*** Opening of Dataset records ***

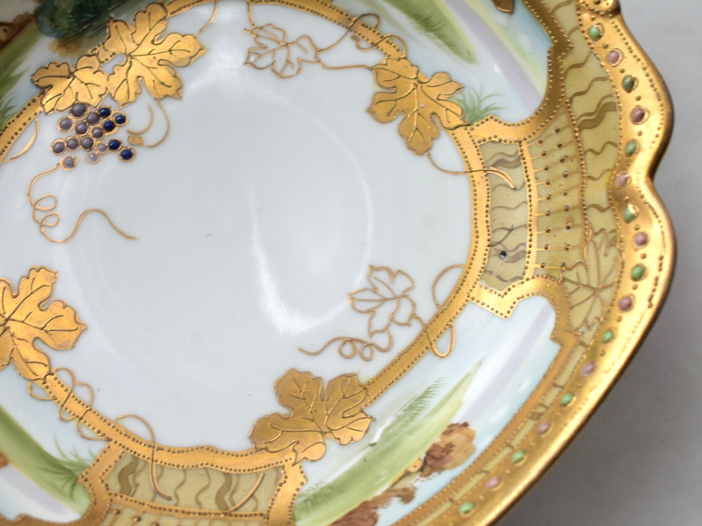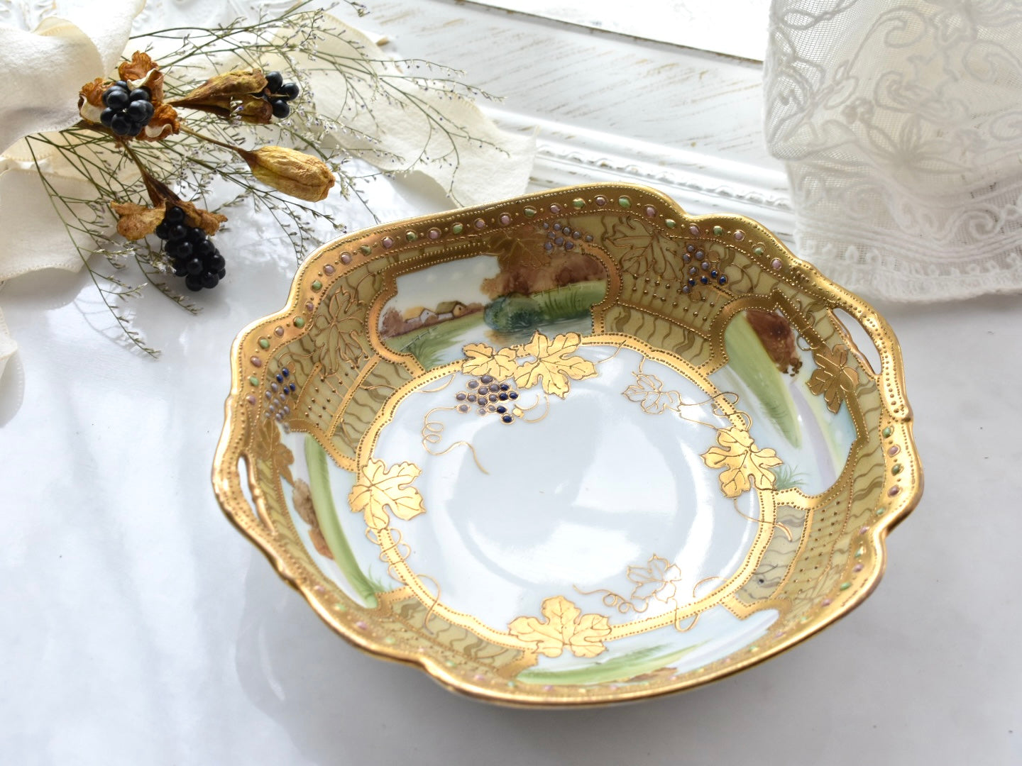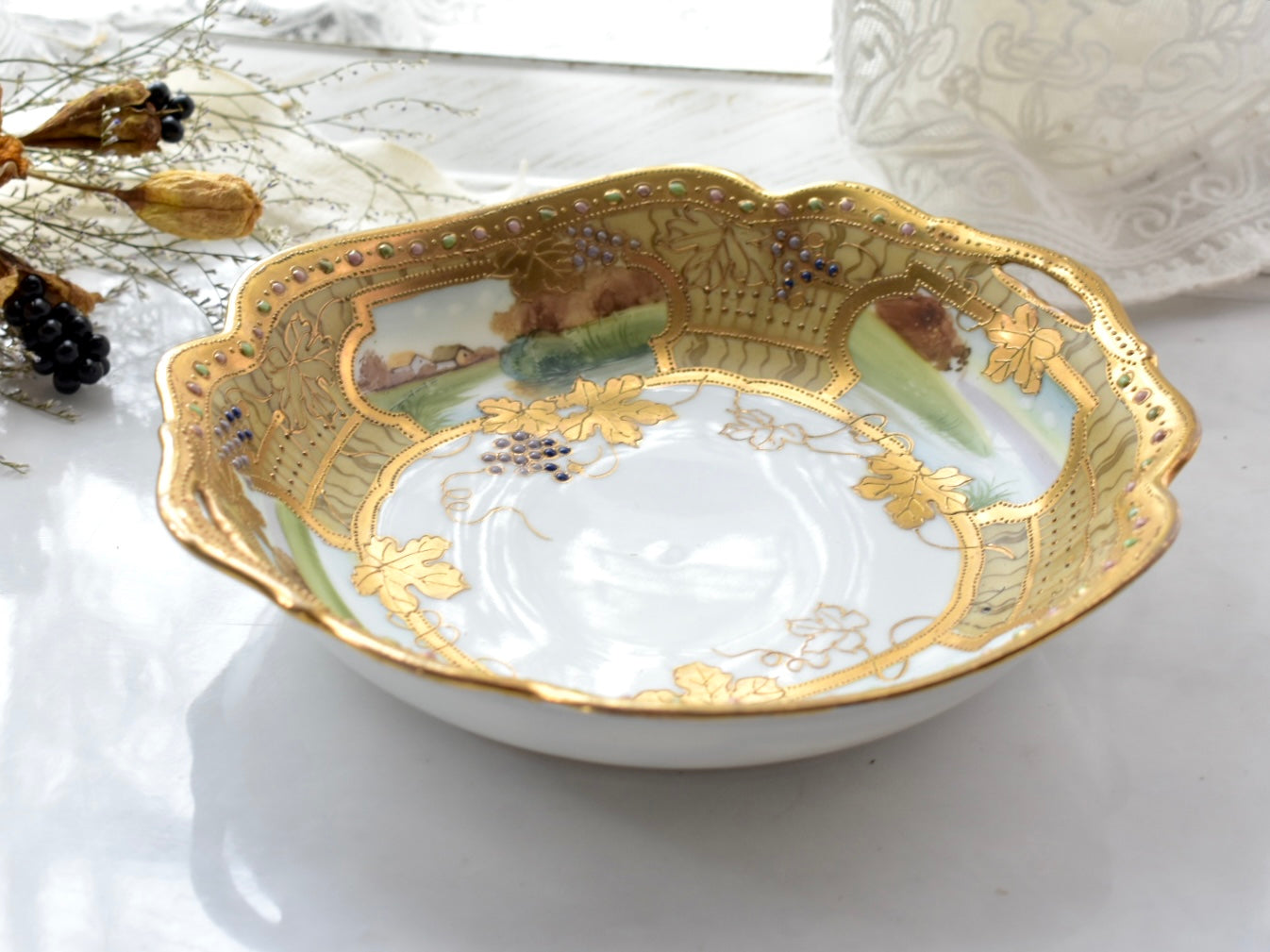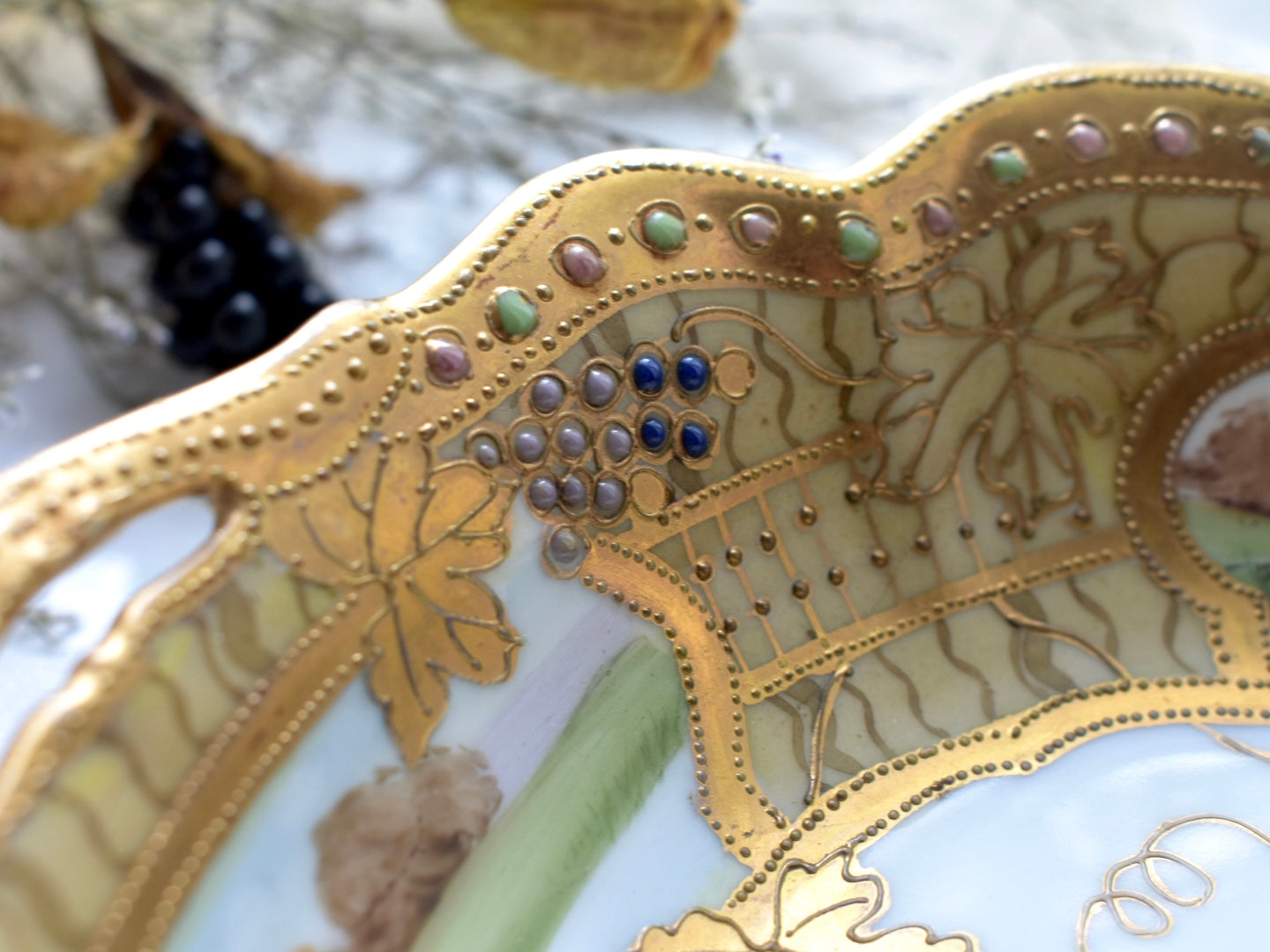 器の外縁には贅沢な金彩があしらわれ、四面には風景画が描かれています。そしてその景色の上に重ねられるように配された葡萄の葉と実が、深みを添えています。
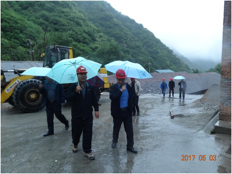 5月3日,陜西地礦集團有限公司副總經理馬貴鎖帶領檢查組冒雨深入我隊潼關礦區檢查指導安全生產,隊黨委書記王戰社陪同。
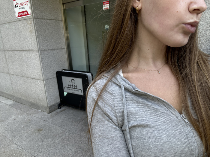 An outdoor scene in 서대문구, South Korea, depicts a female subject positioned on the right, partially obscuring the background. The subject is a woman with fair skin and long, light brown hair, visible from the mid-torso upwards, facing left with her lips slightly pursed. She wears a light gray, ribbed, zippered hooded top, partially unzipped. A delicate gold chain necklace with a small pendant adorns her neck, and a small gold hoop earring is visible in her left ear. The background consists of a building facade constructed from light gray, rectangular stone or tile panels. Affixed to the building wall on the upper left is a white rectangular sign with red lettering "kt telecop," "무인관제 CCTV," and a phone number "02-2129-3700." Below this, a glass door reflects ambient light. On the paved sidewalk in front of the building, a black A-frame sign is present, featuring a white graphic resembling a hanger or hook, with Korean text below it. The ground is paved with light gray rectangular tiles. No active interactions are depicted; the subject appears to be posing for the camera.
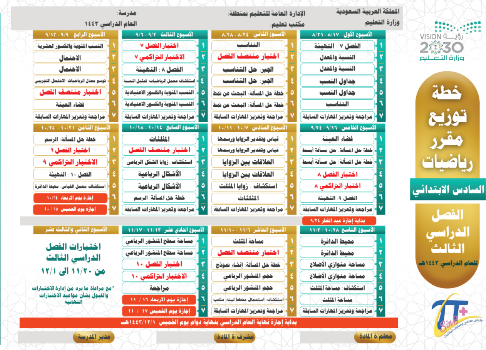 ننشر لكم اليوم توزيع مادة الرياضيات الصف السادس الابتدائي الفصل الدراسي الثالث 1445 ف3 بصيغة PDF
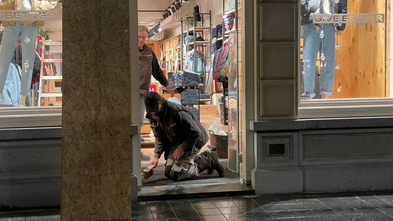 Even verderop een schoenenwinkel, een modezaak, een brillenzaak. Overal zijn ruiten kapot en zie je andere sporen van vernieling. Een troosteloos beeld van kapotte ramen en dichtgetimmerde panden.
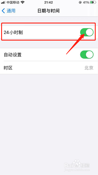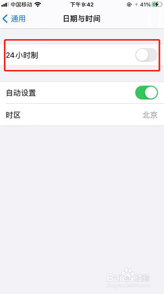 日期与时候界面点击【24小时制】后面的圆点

*** Close of Dataset records ***

## Brief
Please print the lines from the one holding "ننشر لكم اليوم" through the end of the records above, unchanged and with the pictures left out.

## Output for this exercise
 ننشر لكم اليوم توزيع مادة الرياضيات الصف السادس الابتدائي الفصل الدراسي الثالث 1445 ف3 بصيغة PDF
 Even verderop een schoenenwinkel, een modezaak, een brillenzaak. Overal zijn ruiten kapot en zie je andere sporen van vernieling. Een troosteloos beeld van kapotte ramen en dichtgetimmerde panden.
 日期与时候界面点击【24小时制】后面的圆点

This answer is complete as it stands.